It’s never too late to pick up a musical instrument. In fact there are many reasons why it’s a great idea, particularly in old age.

We normally hear about music education for children. There are many cognitive and social benefits to that aid a child’s development. As an older adult, there are long-term effects of these activities, as it can limit the loss of brain power.

Even a small amount of musical training can have lasting effects. But this doesn’t mean that those who have never played have missed the boat. The aging brain is plastic: that means it is able to learn new things all the time. So, should we consider an increase in music programs for those in the third age?

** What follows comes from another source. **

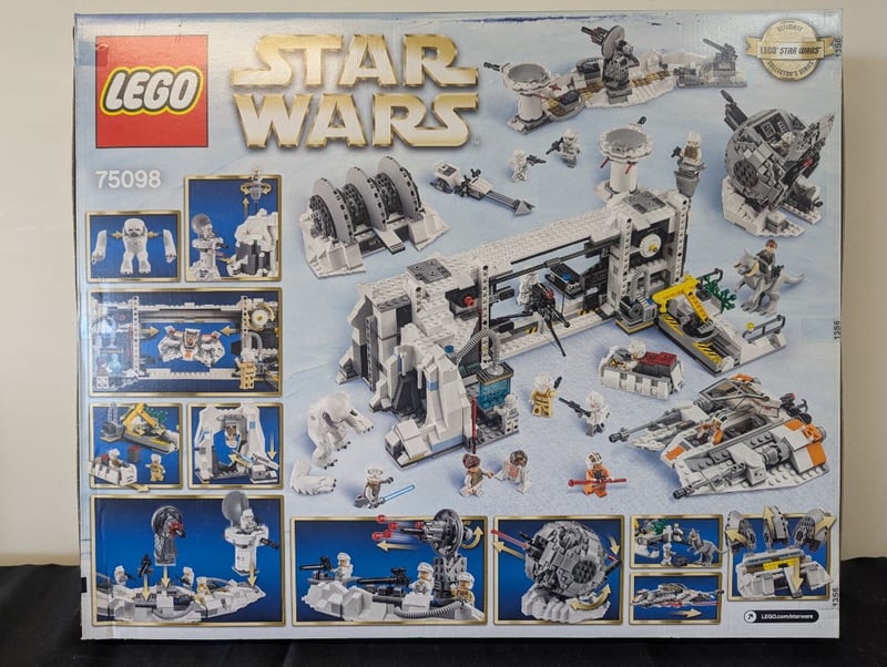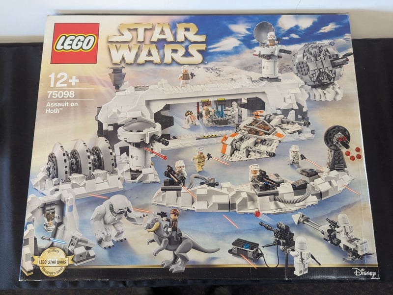 Lego Star Wars Set 75098 "Assault On Hoth" Featuring A Comprehensive Recreation Of The Iconic Ice Planet Base With Modular Structures, Defensive Turrets, And Multiple Minifigures Including Imperial And Rebel Characters. Set Includes At-At Walker, Snowspeeder, And Various Weapons And Accessories. Age Rating 12+. Displayed In Original Factory-Sealed Retail Packaging With Illustrated Box Showing Complete Set Contents And Build Configurations.

Playing music as a workout for the brain

Learning to play an instrument is a complex task that involves coordinating multiple sensory systems within the brain. Many instruments require precise coordination among the eyes, the ears and the hands in order to play a musical note. Using the sound as feedback, the brain prepares for the next note and so on. It’s all quite a brain workout.

The relationship between the motor and auditory parts of the brain is strengthened when physically playing music. Because playing music involves many different parts of the brain, even a short-term program for older adult musical novices can lead to generalized improvements in brain ability.

health and wellbeing

The worry is that playing an instrument will be too difficult for older adults. On the contrary, learning to play can provide a great sense of achievement and satisfaction.

Older adults relish the opportunity to learn something new. Cognitive benefits aside, music can also be a great social activity for older adults, facilitating social bonding and decreasing feelings of loneliness or isolation.